Tuesday, November 10, 2009

Jevon's Paradox

The application of an interesting paradox to our current social and economical aspects of life was presented by Jeff Dardozzi. Jevon's paradox, or the rebound effect simply states that technological progression of a particular resource leads to an increase in the efficiency of that resource which ultimately leads to an overall increase in the rate of consumption. In other words, if something becomes more efficient and cheaper to use, people will use it more frequently. Jevon's paradox can be applied to the increase in production of the Smart Car. Consumers had never before seen a car with better gas mileage. When the production of the Smart Car increased, sales increased due to a lowering in the price. But having a Smart Car with better gas mileage than every other car allows the driver to drive even more than he/she would have with a normal car. So, the increase in production of the Smart Car lead to a decrease in price and an overall increase in consumption. Another example of a resource that exhibits jevon's paradox, is air conditioning. Recently, new air conditioners have been installed in homes that use almost half of the overall energy than the original air conditioners. Production of these new energy-efficient air conditioners has greatly increased, causing the price to go down. More and more homeowners are now buying these new air conditioners. When a homeowner learns that their new air conditioner is much more efficient, he/she will use it much more frequently. And if more and more people are buying them and using them more frequently than their old air conditioners, the net energy consumption will be greater than before.

The has been a very large emphasis on consumer spending in our economy in the past century primarily because it sustains the system. The present consumer spending supports the economic and political order whose power is sustained primarily by maintaining growth and "capital accumulation". Since the economic system requires the constant externalization of its operating costs to maintain itself, a decrease in consumer spending would cause an overall systematic collapse of our economic and social system.

Adam Curtis' idea of corporate America turning our society into a "sea of selves" describes each member of our society focusing primarily on the health of themselves, rather than focusing on the overall health of the system and community. Curtis' "sea of selves" describes an entire popultion that has an "inverted quarantine". He believes that corporate America has influenced and allowed each member of our society to concern themselves with only themselves.

Bailey's notion of the civic and the divine describes, what he believes, the social aspects of our collective personalities. He believes that for a community or organization to be successful, the elements of the civic and divine must be placed at the center of its structure. The civic and devine, he sates, describes an organization's reason to be. The civic element of our personalities is found in our set of rights and obligations that bind the collective to the individual while the divine element describes the notion of something greater than one's self and that the activities of the collective effect the overall system.
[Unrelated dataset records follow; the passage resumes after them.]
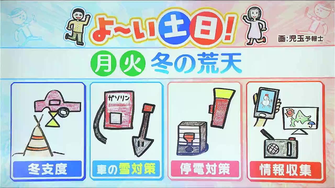 月曜と火曜は冬の荒れた天気で、雪や風が強まります。道南でも雪の積もるおそれがあるので、冬囲いやタイヤ交換など早めの冬支度を、そして、そろそろ車にもスコップを積む、ガソリンを満タンにしておくなど車の雪対策もしましょう。
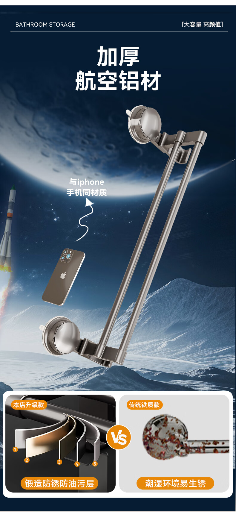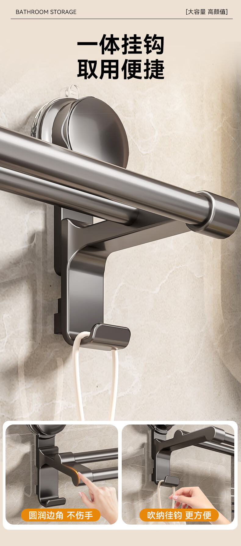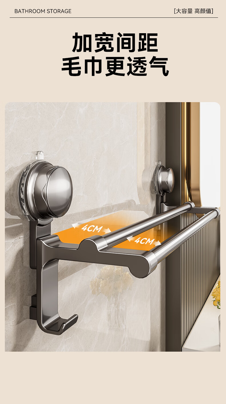 • 商品名称:百悍吸盘毛巾架免打孔卫生间置物架毛巾杆壁挂式浴室浴巾收纳挂架 G02L185QH/个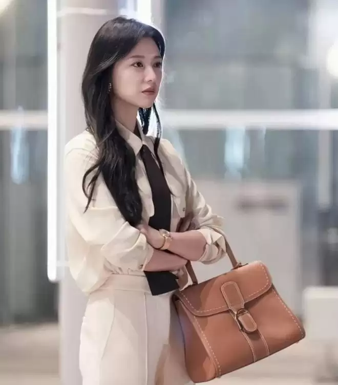 这只手提包则来自Delvaux,算是通勤剧“钉子户”了。他们家基本没有大力商业营销,设计也没有赶时髦,包袋上新速度常常被调侃和周董出新专辑有的一比。韩剧女主都很爱背。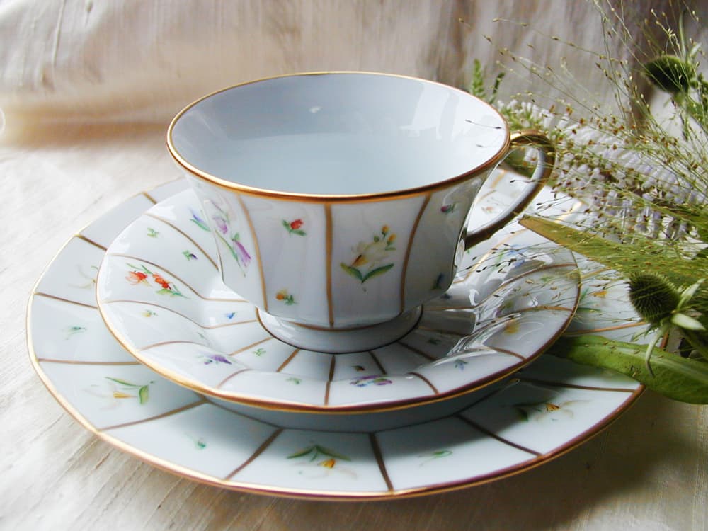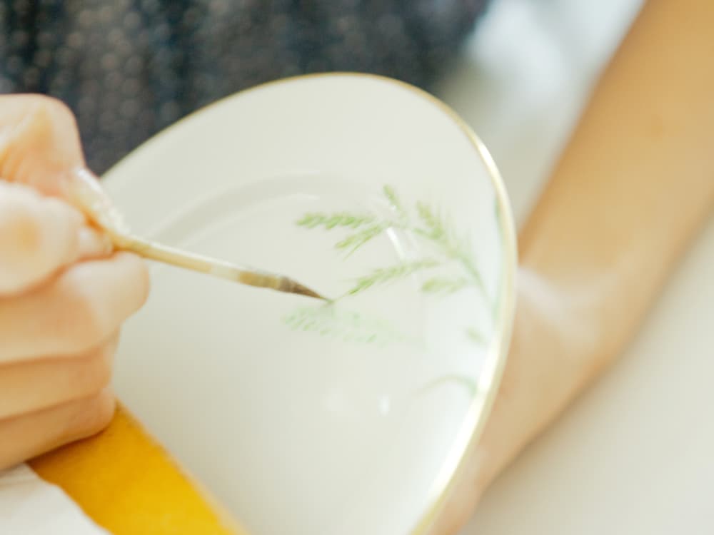 ポーセレンペインティングは、白い食器やカップなど陶磁器に、専用の絵の具と筆などで絵を描いて、窯で焼成し、実際使えるものとして完成するもので、絵付けともいいます。
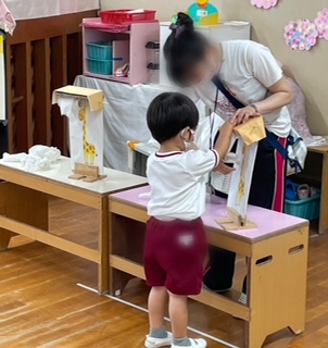 もも組(3歳)が体重測定の後、保健指導を受けました。トイレにも慣れてきましたが、うまくトイレットペーパーを巻き取れない実態があり、1人ずつ、やり方を知らせてやってみました。うまくできて褒められて、笑顔いっぱいの子どもたちでした。さあ、トイレで、チャレンジ!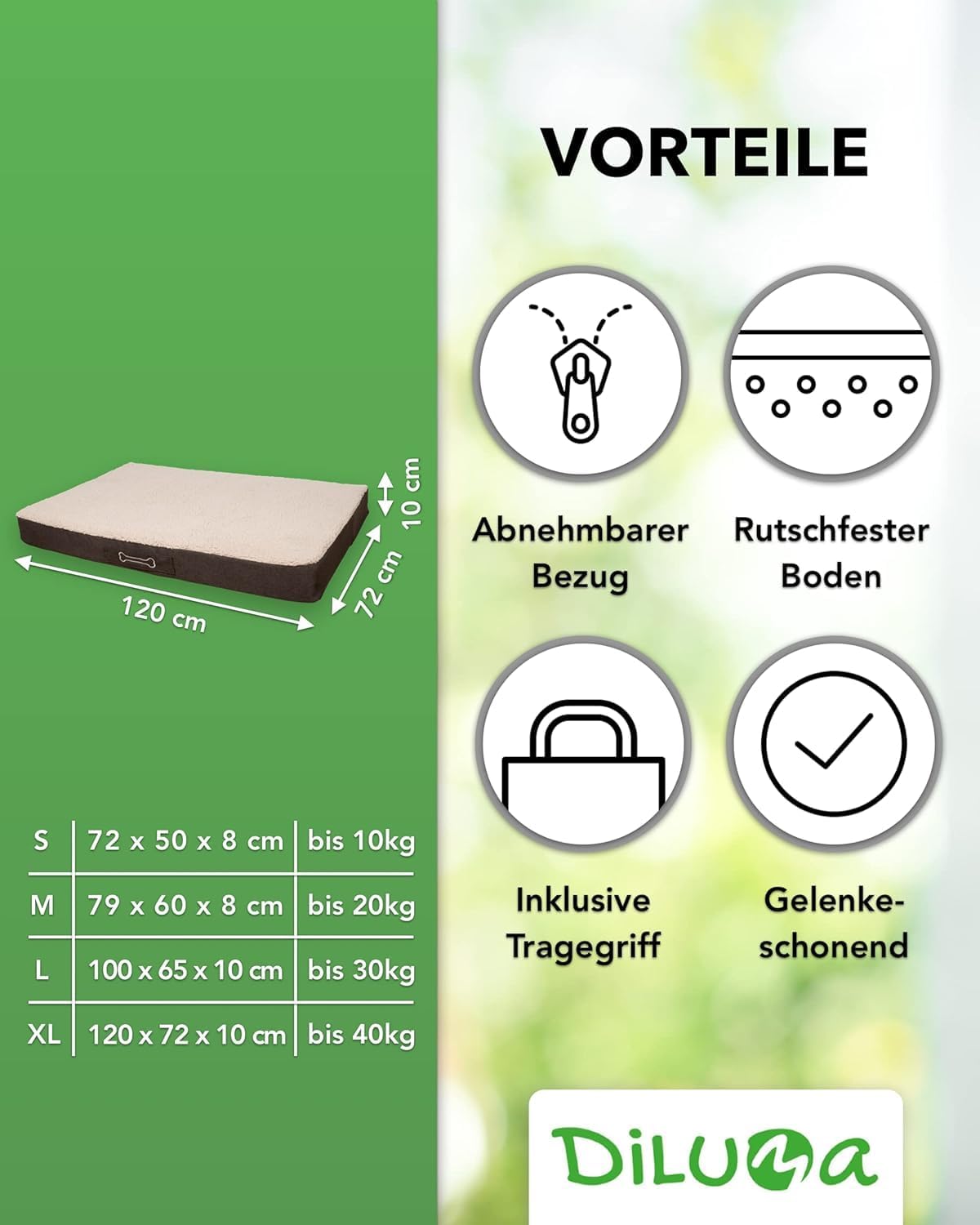 - Pflegeleicht: abnehmbarer, waschbarer Bezug – hygienisch und alltagstauglich.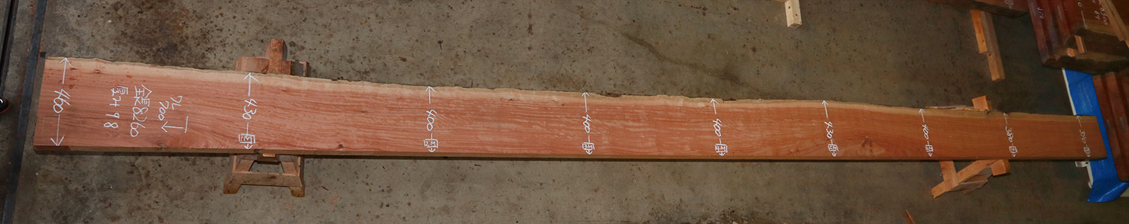 杢目のある綺麗な原木(丸太)から製材して8m以上と3m弱が取れました。乾燥材なのですぐに使えます。柾目なので色々と用途にあわせて作成出来ます。csbo-35~58まで共木です。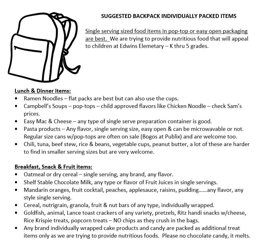 Backpack Food Sunday is the 3rd Sunday of each month and provides weekend meals for needy children at Edwins Elementary School during the school year. The program is managed by the Feeling the Gulf Coast Food Bank in Milton as part of the Feeding America national program. Bring individually-packed nutritious food items to the lobby of the Christian Life Center. A specific shopping list is available in the Christian Life Center, and monetary donations are also welcome so food items can be purchased.

I think that Dardozzi's essay paints a very accurate picture of the structures of our entire society. From economically, politically and socially, Dardozzi describes how each aspect will be affected by an overall decrease in available energy and the problems that appear with energy efficiency. Dardozzi's essay makes us as consumers think twice about using energy efficient technologies rather than simply using less. I do appreciate his description of our very fragile system and how one simple flaw will have destructive consequences. I also appreciate his description of the rise of our somewhat selfish personalities. I think he was very accurate when he described our "survival of the fittest" type of attitude, in that most members of our society think and act only for the success of themselves, rather than the success of our system. Although his description is somewhat depressing, I think it is a wake-up-call for members of our society. I think Dardozzi accurately describes who the individual is and why the individual should work more for the collective in order to survive any oncoming crisis.

This assignment is appropriate for veteran's day because of the mentality of the soldier. At the beginning, the soldier is broken down and the "self" is taken out of his/her personality. After the soldier is broken down, he/she is rebuilt to focus on the health and success of the collective unit. A soldier soon learns to fight not for himself, but for the soldiers around him, and the success of the entire operation. A veteran is someone who has fought for the success of the people around them, and for the success and health of the entire nation. The veteran knows that a "sea of selves" will not survive. The veteran exhibits more than others the civic and devine and knows their reason to be. If this nation was filled with a "sea of veterans", our society as a whole would prosper.